===== LISTED ENTRIES =====
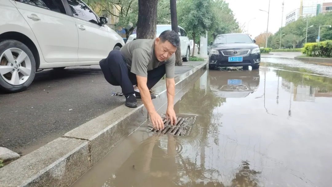 下了幾乎一夜的雨將254路車隊門前道路幾乎淹沒,254路車隊長劉佳寧拿起鐵鍬等工具,對下水道附近的污垢進(jìn)行清理,排除積水。
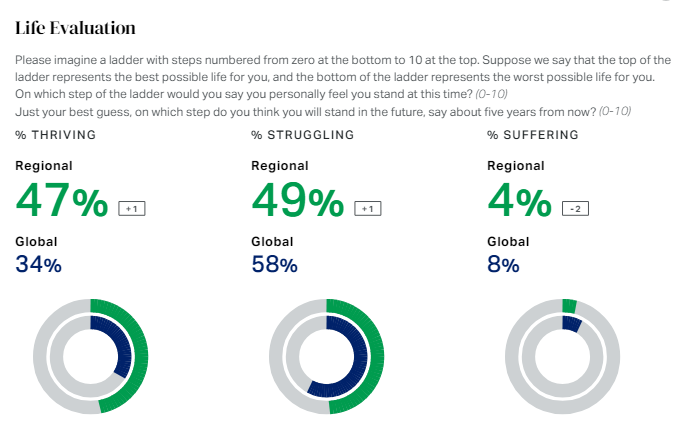 Πάντως, αναφορικά με το πως αξιολογούν τη ζωή τους γενικότερα, το 47% των Ευρωπαίων ανέφερε ότι ευημερεί, τη στιγμή που ο παγκόσμιος μέσος όρος διαμορφώνεται στο 34%, το 49% είπε ότι δυσκολεύεται (58% παγκοσμίως) και μόλις το 4% ότι υποφέρει (8%).
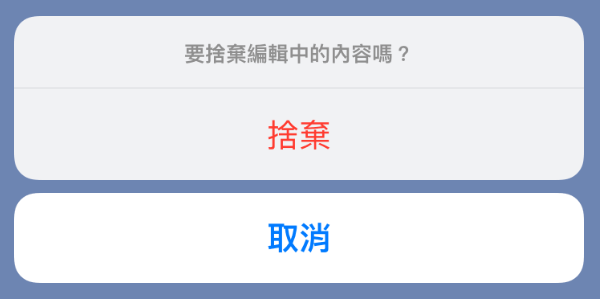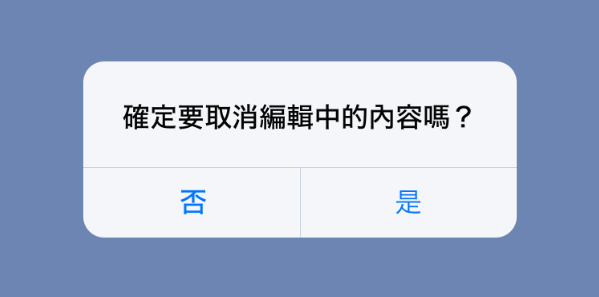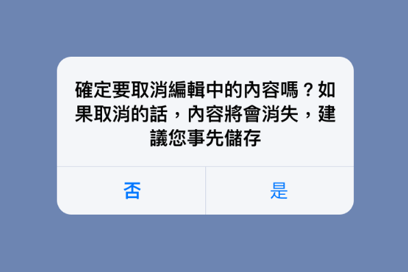 看過上面這些討論,我們可將這個警告框的說明文字中的「確定要取消編輯中的內(nèi)容嗎?」改寫成「要舍棄編輯中的內(nèi)容嗎?」
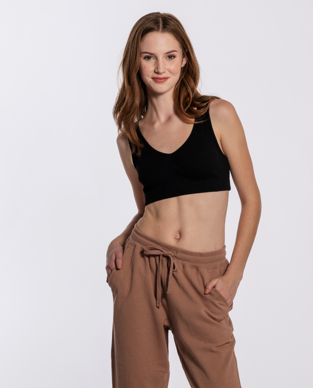 Flattering and offering light support, this top will have you excited for every work out! The scoop v-neck and plunge back allows for range and comfort while you move, featuring micro rib 95% cotton fabric.
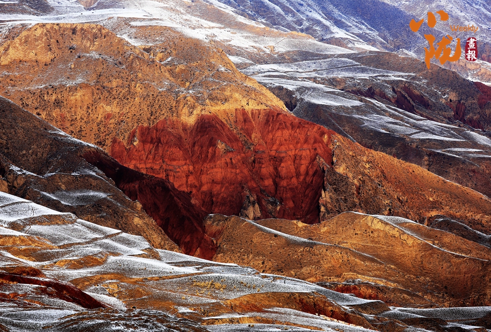 近日,一場春雪悄然飄落。山間、鄉(xiāng)村和城市像似披上薄薄的輕紗,更加詩意盎然。本就有著獨特韻味的山巒,在白雪的映襯下,層理交錯、色彩斑斕,顯得格外艷麗多彩。
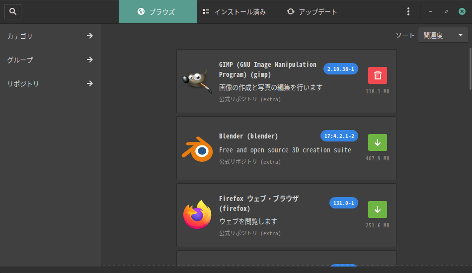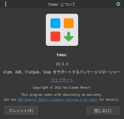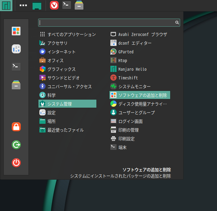 1. 概要 「Pamac」は、「Arch」系のパッケージ管理フロントエンドプログラムです。 操作等については、「Linux - 共通事項 - パッケージ管理フロントエンド」をご参照ください。 2. 起動 「スタート」→「システム管理」→「ソフトウエアの追加と削除」
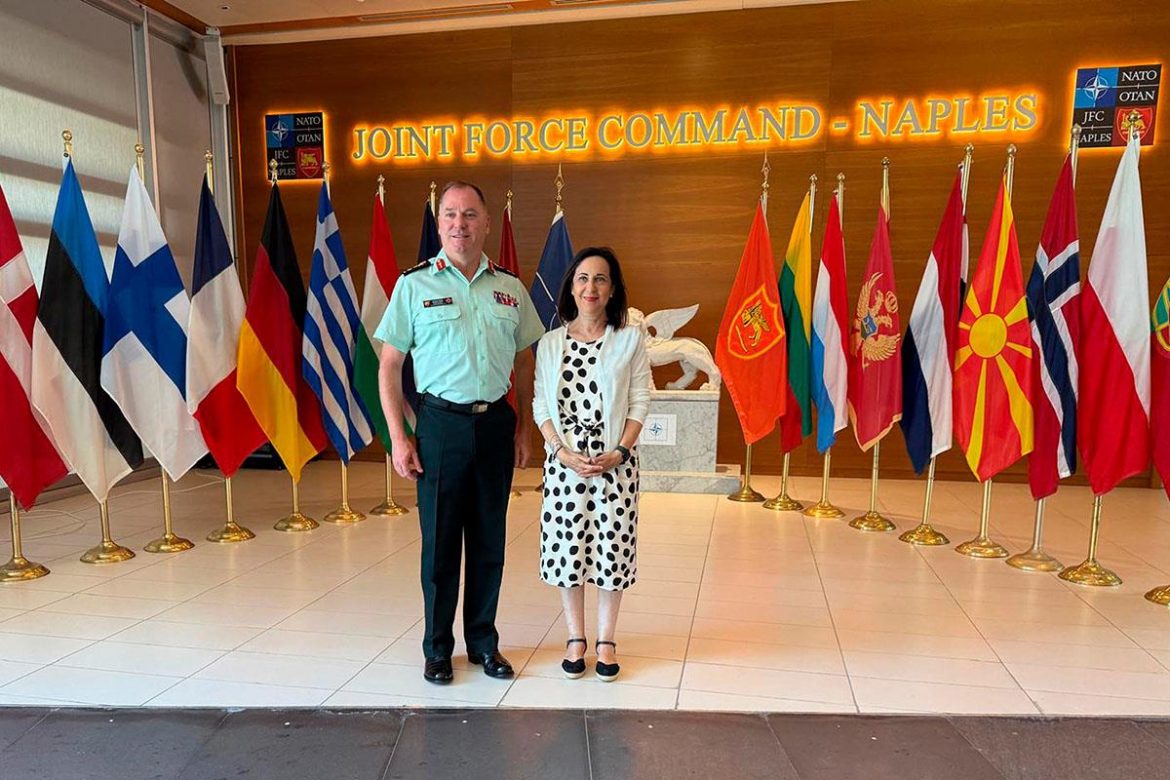 «OTAN puede contar con España», ha dicho con rotundidad Robles, durante su visita al Cuartel General de la Alianza ubicado en Nápoles, donde casi 80 españoles trabajan en distintas tareas operacionales para preservar la paz y la seguridad en los países miembros.
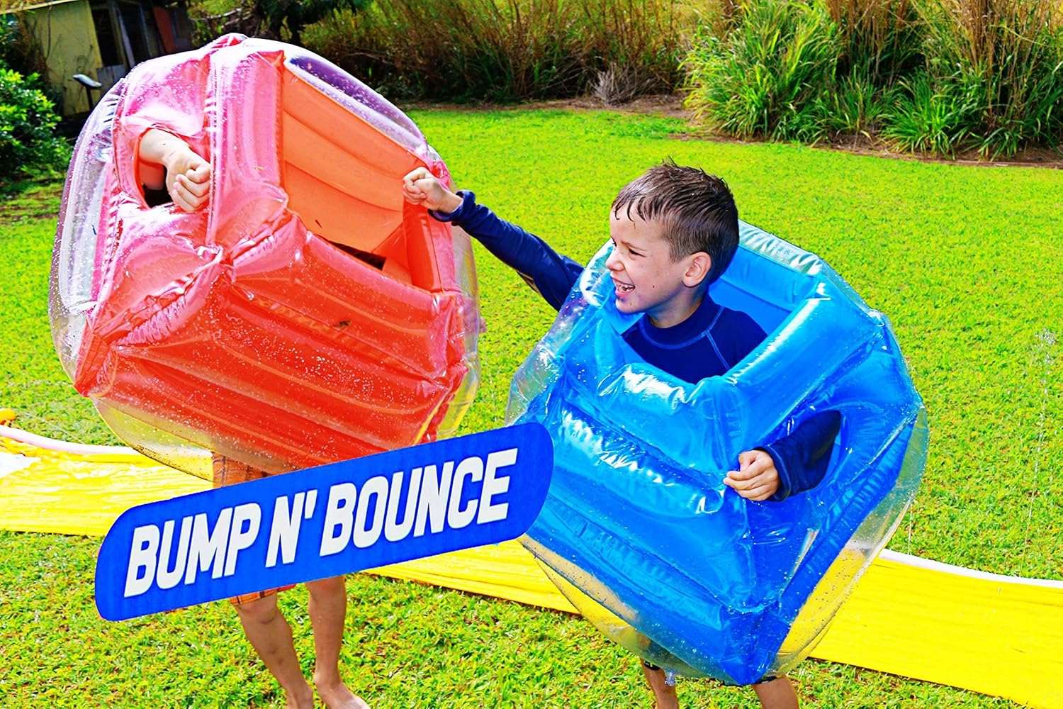 The BANZAI Bump N’ Bounce Body Bumpers provide an exhilarating and safe way for children aged 4 and up to engage in active play. Designed for belly-to-belly bumping fun, these inflatable body bumpers are perfect for backyard gatherings, playdates, or family events. Simply slip into the bumper suit and challenge a friend to a friendly competition, ensuring hours of laughter and excitement. The inflatable design allows for easy storage and transport, making it an ideal addition to any outdoor activity.
=====
_PROBLEM STATEMENT_
The output must start at the line holding "Flattering and offering", end at the last line of the listing above, and show each line exactly; please omit all pictures.

_OUTPUT FOR THIS EXERCISE_
 Flattering and offering light support, this top will have you excited for every work out! The scoop v-neck and plunge back allows for range and comfort while you move, featuring micro rib 95% cotton fabric.
 近日,一場春雪悄然飄落。山間、鄉(xiāng)村和城市像似披上薄薄的輕紗,更加詩意盎然。本就有著獨特韻味的山巒,在白雪的映襯下,層理交錯、色彩斑斕,顯得格外艷麗多彩。
 1. 概要 「Pamac」は、「Arch」系のパッケージ管理フロントエンドプログラムです。 操作等については、「Linux - 共通事項 - パッケージ管理フロントエンド」をご参照ください。 2. 起動 「スタート」→「システム管理」→「ソフトウエアの追加と削除」
 «OTAN puede contar con España», ha dicho con rotundidad Robles, durante su visita al Cuartel General de la Alianza ubicado en Nápoles, donde casi 80 españoles trabajan en distintas tareas operacionales para preservar la paz y la seguridad en los países miembros.
 The BANZAI Bump N’ Bounce Body Bumpers provide an exhilarating and safe way for children aged 4 and up to engage in active play. Designed for belly-to-belly bumping fun, these inflatable body bumpers are perfect for backyard gatherings, playdates, or family events. Simply slip into the bumper suit and challenge a friend to a friendly competition, ensuring hours of laughter and excitement. The inflatable design allows for easy storage and transport, making it an ideal addition to any outdoor activity.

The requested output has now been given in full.